DATASET RECORDS:
▬▬▬▬▬▬
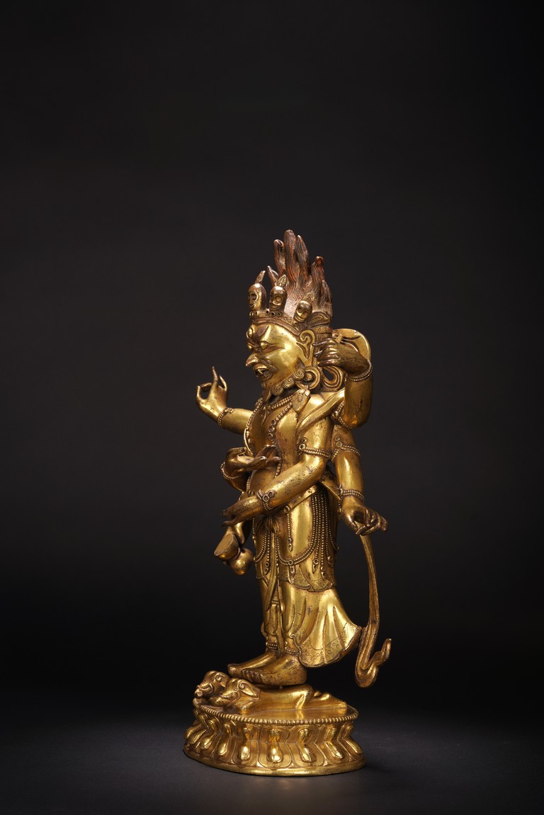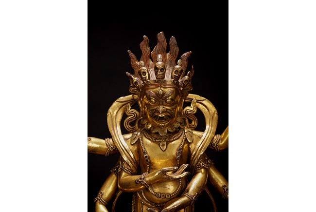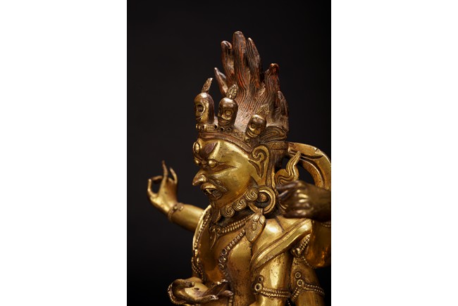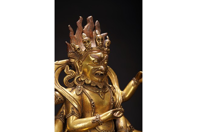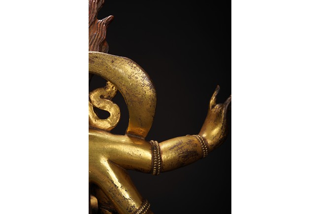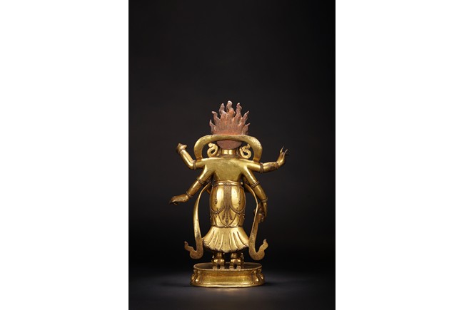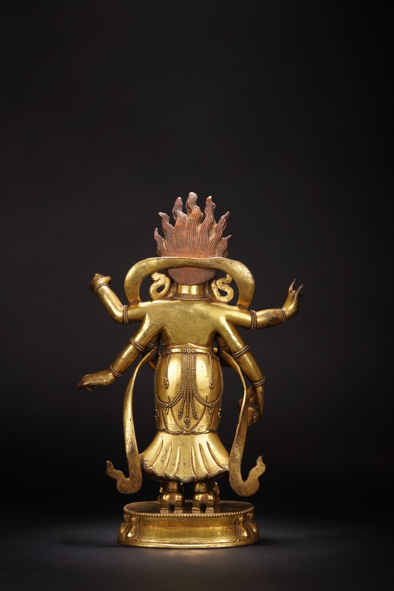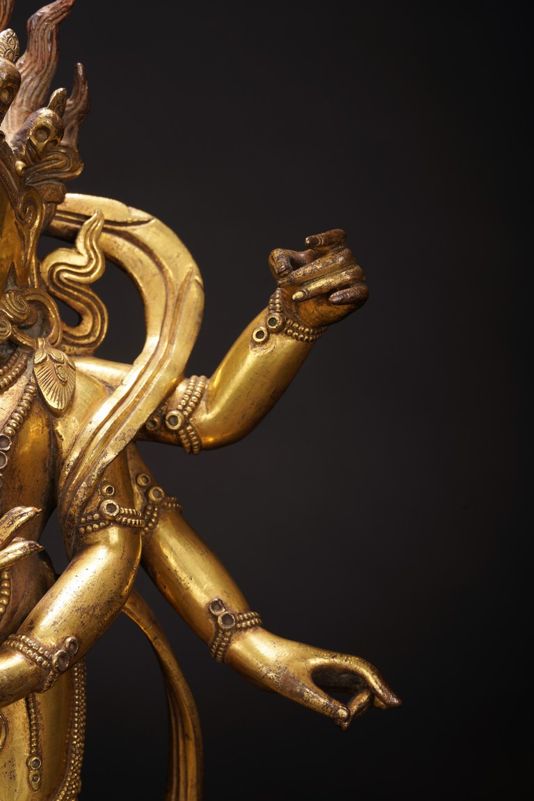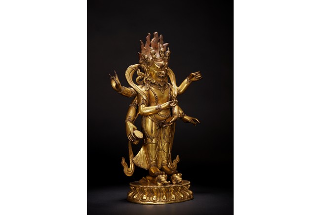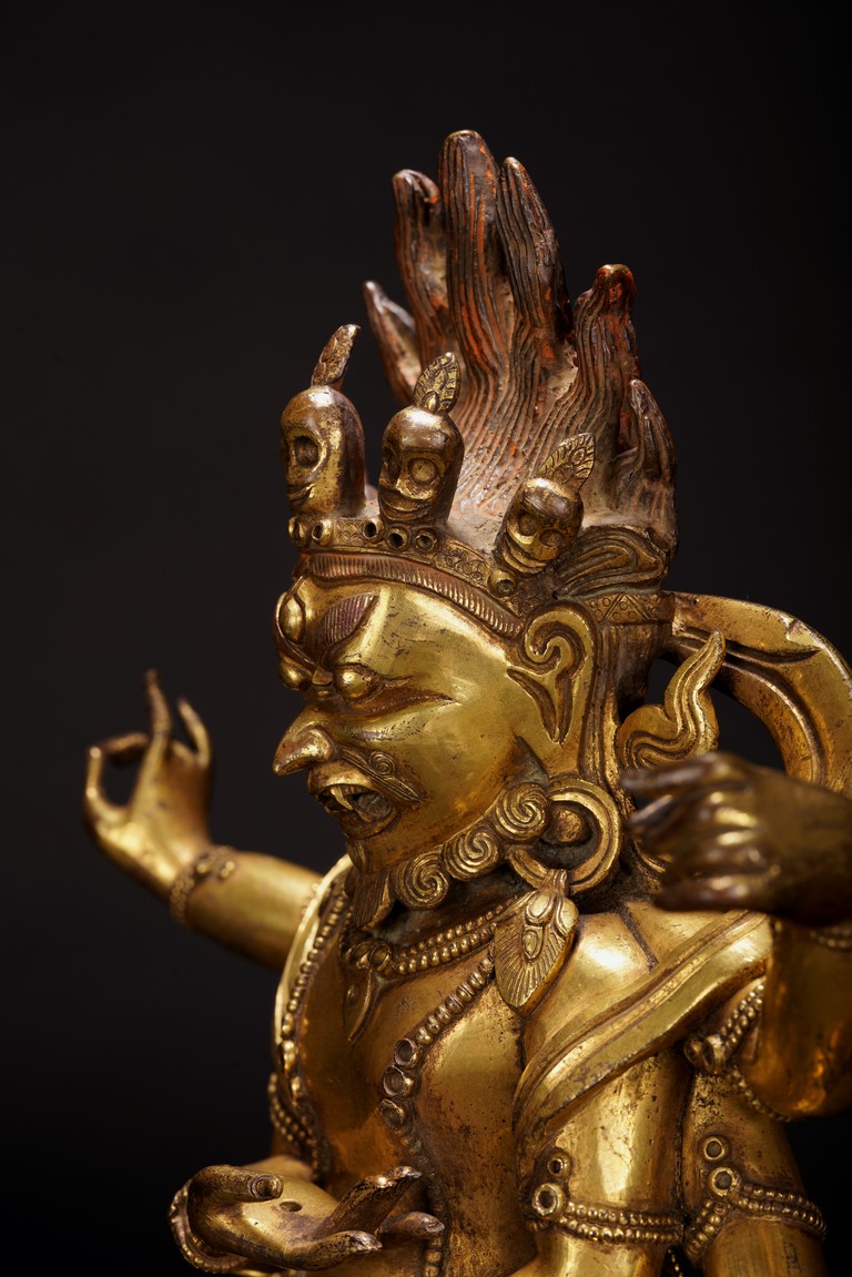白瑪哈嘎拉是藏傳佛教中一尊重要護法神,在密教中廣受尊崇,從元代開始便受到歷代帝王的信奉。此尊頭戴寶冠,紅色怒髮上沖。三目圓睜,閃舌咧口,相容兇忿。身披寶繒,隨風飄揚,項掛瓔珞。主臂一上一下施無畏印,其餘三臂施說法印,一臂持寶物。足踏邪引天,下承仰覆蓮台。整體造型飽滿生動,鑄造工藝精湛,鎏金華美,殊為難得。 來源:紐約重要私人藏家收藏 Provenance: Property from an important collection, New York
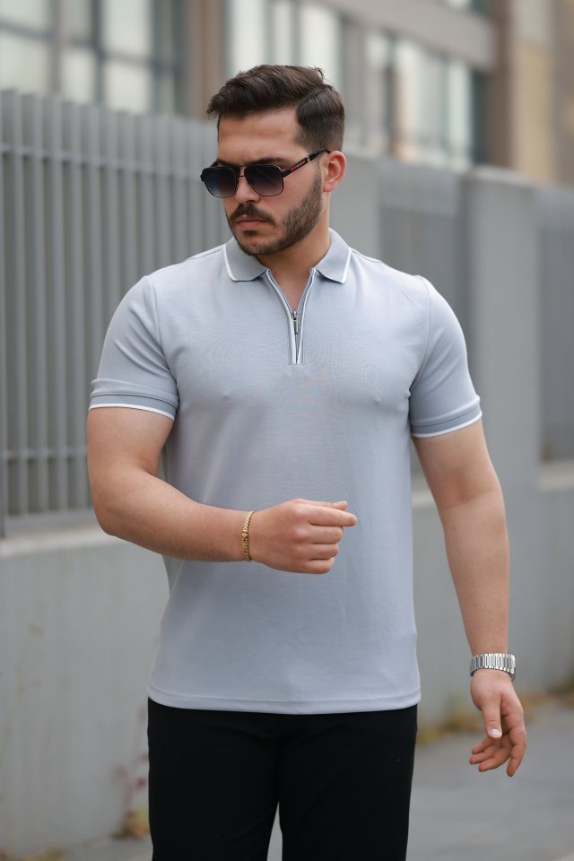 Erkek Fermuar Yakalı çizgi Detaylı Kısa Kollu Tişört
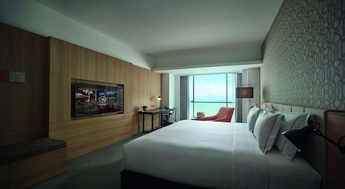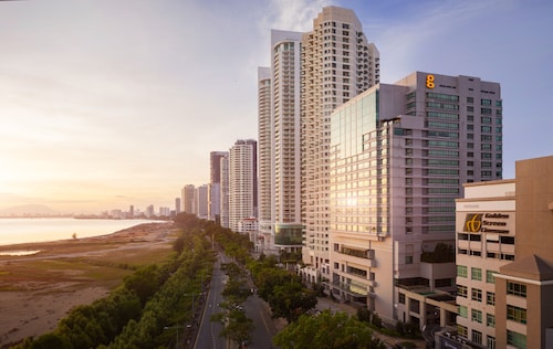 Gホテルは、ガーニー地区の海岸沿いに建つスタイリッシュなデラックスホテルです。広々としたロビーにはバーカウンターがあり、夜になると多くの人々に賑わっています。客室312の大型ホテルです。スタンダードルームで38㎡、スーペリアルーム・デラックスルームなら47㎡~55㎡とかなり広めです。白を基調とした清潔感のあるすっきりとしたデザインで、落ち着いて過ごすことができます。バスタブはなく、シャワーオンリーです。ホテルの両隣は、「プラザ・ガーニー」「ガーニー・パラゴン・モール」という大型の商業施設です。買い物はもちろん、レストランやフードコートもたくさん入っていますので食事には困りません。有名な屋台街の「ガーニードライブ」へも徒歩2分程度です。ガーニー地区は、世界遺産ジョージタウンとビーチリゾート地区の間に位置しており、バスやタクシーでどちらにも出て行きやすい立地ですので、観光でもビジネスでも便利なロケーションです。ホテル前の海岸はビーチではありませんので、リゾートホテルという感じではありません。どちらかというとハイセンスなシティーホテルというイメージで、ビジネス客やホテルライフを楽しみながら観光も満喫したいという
▬▬▬▬▬▬
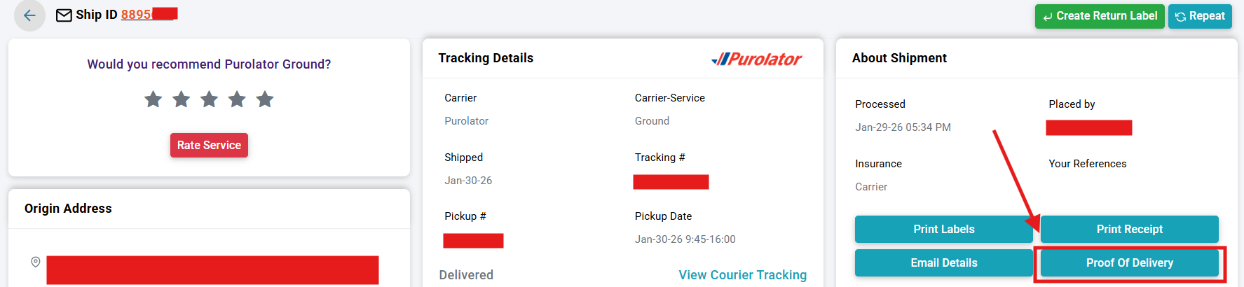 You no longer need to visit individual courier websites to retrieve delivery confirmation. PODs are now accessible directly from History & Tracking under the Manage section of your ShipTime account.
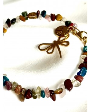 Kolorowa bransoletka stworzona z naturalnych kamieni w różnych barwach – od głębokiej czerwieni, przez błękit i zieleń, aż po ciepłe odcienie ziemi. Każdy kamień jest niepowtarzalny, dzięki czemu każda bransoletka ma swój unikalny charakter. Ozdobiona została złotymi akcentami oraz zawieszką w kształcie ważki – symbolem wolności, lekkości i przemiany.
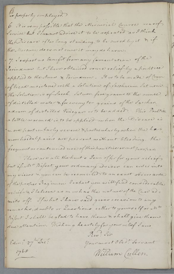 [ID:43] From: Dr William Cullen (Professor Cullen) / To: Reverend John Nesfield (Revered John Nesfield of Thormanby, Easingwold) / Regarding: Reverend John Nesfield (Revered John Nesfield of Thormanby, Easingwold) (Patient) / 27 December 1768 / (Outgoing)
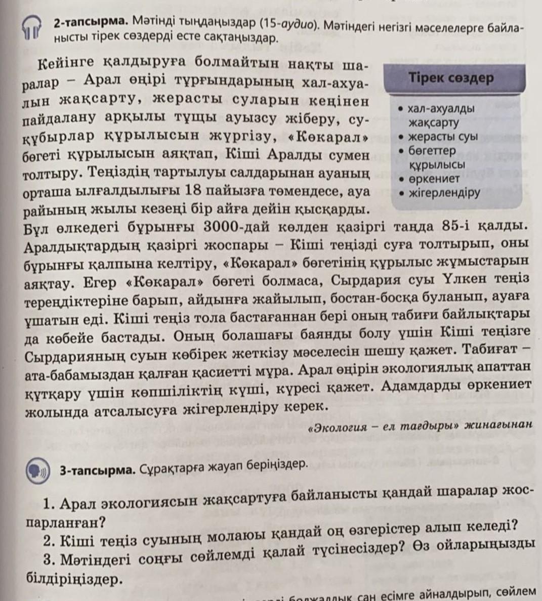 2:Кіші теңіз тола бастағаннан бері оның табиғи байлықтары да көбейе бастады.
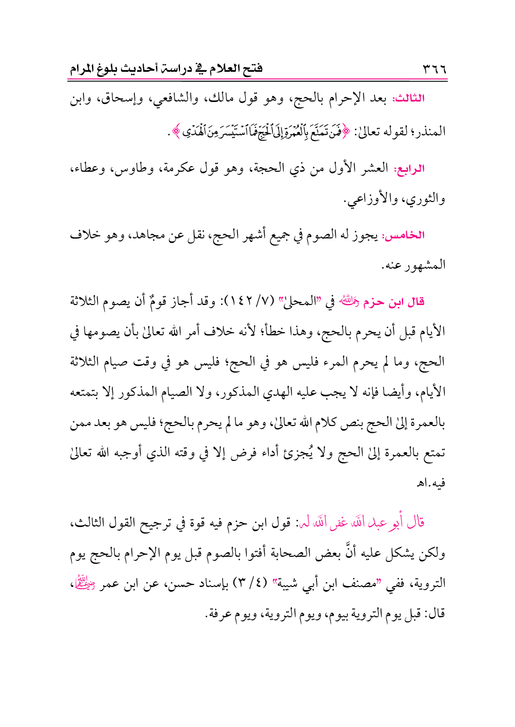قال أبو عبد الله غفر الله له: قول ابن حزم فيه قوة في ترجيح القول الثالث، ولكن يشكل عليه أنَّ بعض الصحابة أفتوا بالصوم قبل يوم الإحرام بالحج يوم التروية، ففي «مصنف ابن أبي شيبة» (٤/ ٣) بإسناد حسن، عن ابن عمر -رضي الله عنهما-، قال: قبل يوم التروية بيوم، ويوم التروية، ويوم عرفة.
▬▬▬▬▬▬
PROBLEM:
Your answer should consist of the lines above between those holding "Erkek Fermuar Yakalı" and "Gホテルは、ガーニー地区の海", inclusive, reproduced word for word and without pictures.

ANSWER FOR THE TASK:
 Erkek Fermuar Yakalı çizgi Detaylı Kısa Kollu Tişört
 Gホテルは、ガーニー地区の海岸沿いに建つスタイリッシュなデラックスホテルです。広々としたロビーにはバーカウンターがあり、夜になると多くの人々に賑わっています。客室312の大型ホテルです。スタンダードルームで38㎡、スーペリアルーム・デラックスルームなら47㎡~55㎡とかなり広めです。白を基調とした清潔感のあるすっきりとしたデザインで、落ち着いて過ごすことができます。バスタブはなく、シャワーオンリーです。ホテルの両隣は、「プラザ・ガーニー」「ガーニー・パラゴン・モール」という大型の商業施設です。買い物はもちろん、レストランやフードコートもたくさん入っていますので食事には困りません。有名な屋台街の「ガーニードライブ」へも徒歩2分程度です。ガーニー地区は、世界遺産ジョージタウンとビーチリゾート地区の間に位置しており、バスやタクシーでどちらにも出て行きやすい立地ですので、観光でもビジネスでも便利なロケーションです。ホテル前の海岸はビーチではありませんので、リゾートホテルという感じではありません。どちらかというとハイセンスなシティーホテルというイメージで、ビジネス客やホテルライフを楽しみながら観光も満喫したいという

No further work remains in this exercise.